Wie finde ich den besten Roboadvisor?

Zunächst einmal lohnt sich natürlich ein Blick auf unseren großen Vergleich verschiedener Roboadvisor. Allerdings gibt es auch dort nicht nur eine perfekte Empfehlung. Vielmehr kommt es auf die Wünsche und Vorstellungen des Anlegers an. Schließlich wünschen sich manche Kunden nur ein wenig Beratung, andere wollen hingegen ein komplettes Paket nutzen. Das ist gerade dann sinnvoll, wenn man selbst keine Lust hat, sich mit den Details der eigenen Altersvorsorge zu beschäftigen oder wenn man nicht weiß, wie man sein Geld sparen sollte.

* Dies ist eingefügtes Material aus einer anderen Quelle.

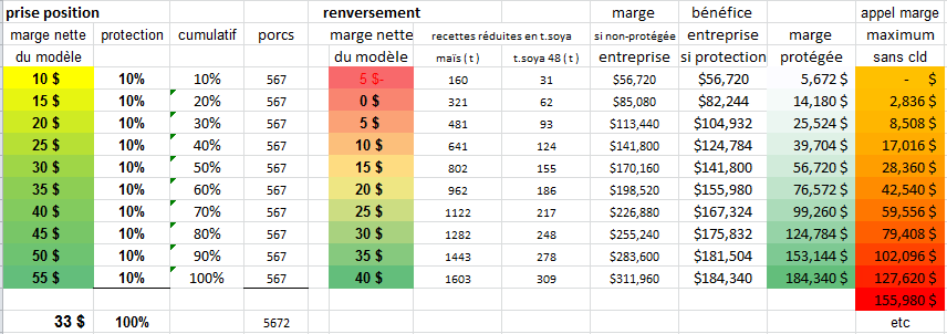 Dans ce cas-ci plus haut , pour rester simple à gérer, le déclencheur est basé sur la marge de profit que ferait que la ferme modèle naisseur-finisseur de la Financière Agricole , mais cela pourrait être basé aussi sur le profit réel que vous calculez faire chez vous. Nous parlerons de la protection des grains dans une prochaine chronique.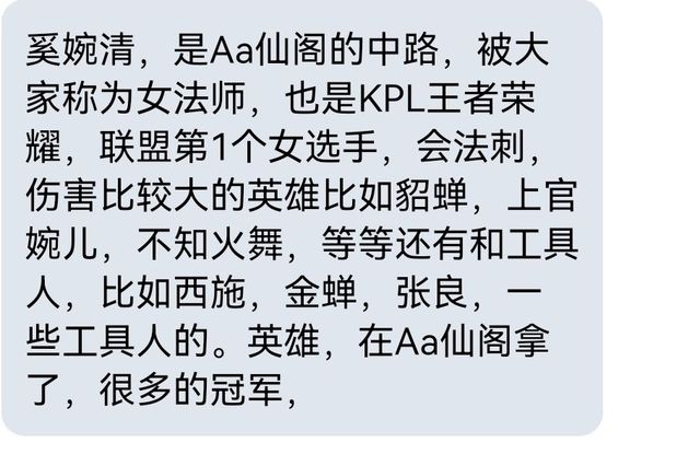 陶傳凱,(初晨,)奚婉清,是Aa仙閣的中路,被大家稱為女法師,也是KPL王者榮耀,聯(lián)盟第1個(gè)女選手,會(huì)法刺,傷害比較大的英雄比如貂蟬,上官婉兒,不知火舞,等等還有和工具人,比如西施,金蟬,張良,一些工具人的。英雄,在Aa仙閣拿了,很多的冠軍,

Selbstverständlich bieten auch die besten Roboadvisor keine Garantie dafür, dass Verluste ausbleiben. Wenn die Kurse an der Börse allgemein fallen, wirkt sich das in der Regel auch auf das eigene Depot negativ aus. Dabei ist es dann vor allem wichtig, für welche Schwerpunkte man sich entschieden hat.

Über längere Zeiträume hinweg sind die Chancen auf solide Renditen jedoch durchaus gut. Dabei spielen vor allem die geringen Gebühren eine wichtige Rolle. Sowohl für die Beratung als auch für den Kauf der entsprechenden Fonds müssen Sparer schließlich keine hohen Kosten in Kauf nehmen. Zudem ist die Beratung in der Regel wesentlich unabhängiger als bei einer klassischen Filialbank. Dort werden nämlich in erster Linie die Fonds empfohlen, die dem Kundenberater eine hohe Provision einbringen – die Wünsche des Kunden kommen erst an zweiter Stelle.